Stored data>
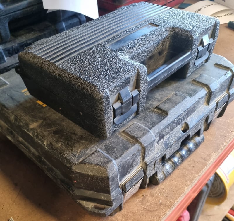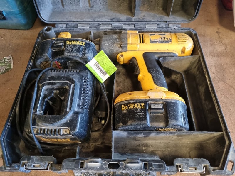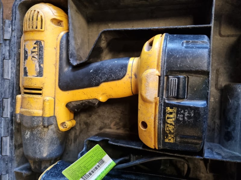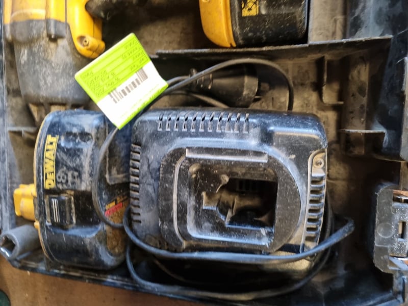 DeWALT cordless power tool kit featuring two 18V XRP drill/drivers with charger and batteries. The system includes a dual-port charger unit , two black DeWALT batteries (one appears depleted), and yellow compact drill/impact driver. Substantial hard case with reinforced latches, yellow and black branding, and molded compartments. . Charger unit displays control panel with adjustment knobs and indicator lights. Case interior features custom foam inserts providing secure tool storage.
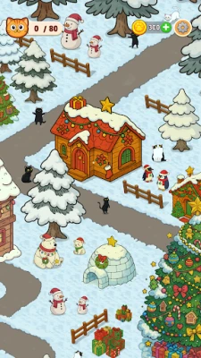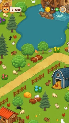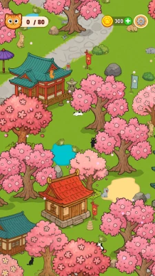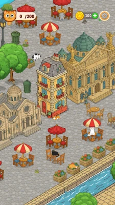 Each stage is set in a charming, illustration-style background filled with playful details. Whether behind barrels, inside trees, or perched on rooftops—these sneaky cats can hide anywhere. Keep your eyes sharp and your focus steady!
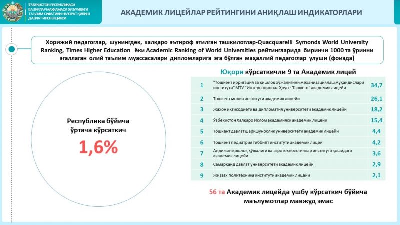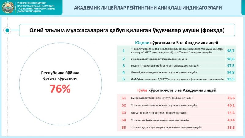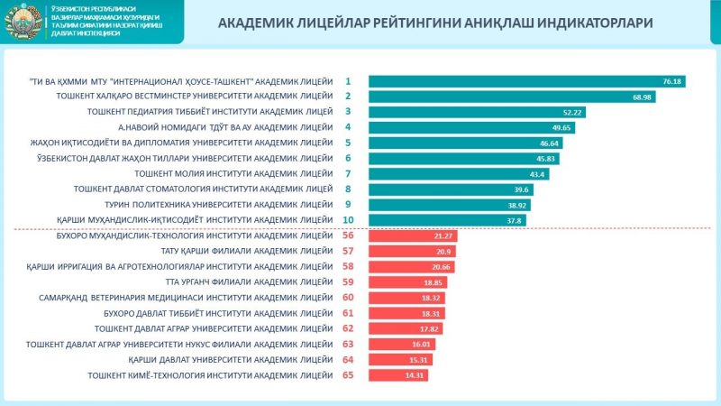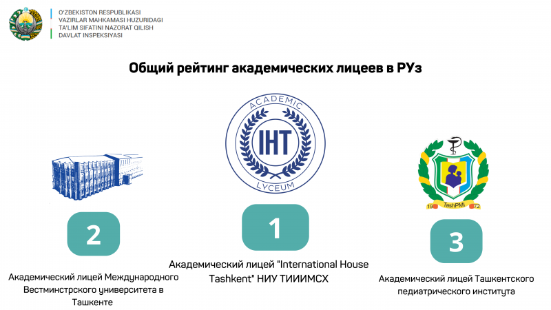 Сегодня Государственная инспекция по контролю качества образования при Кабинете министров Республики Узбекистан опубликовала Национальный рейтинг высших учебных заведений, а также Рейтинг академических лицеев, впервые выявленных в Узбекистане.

Work instruction> Output verbatim the lines beginning at the line with "Each stage is" and ending at the last line of the material above, inclusive. Do not carry over any pictures.

Solved problem>
 Each stage is set in a charming, illustration-style background filled with playful details. Whether behind barrels, inside trees, or perched on rooftops—these sneaky cats can hide anywhere. Keep your eyes sharp and your focus steady!
 Сегодня Государственная инспекция по контролю качества образования при Кабинете министров Республики Узбекистан опубликовала Национальный рейтинг высших учебных заведений, а также Рейтинг академических лицеев, впервые выявленных в Узбекистане.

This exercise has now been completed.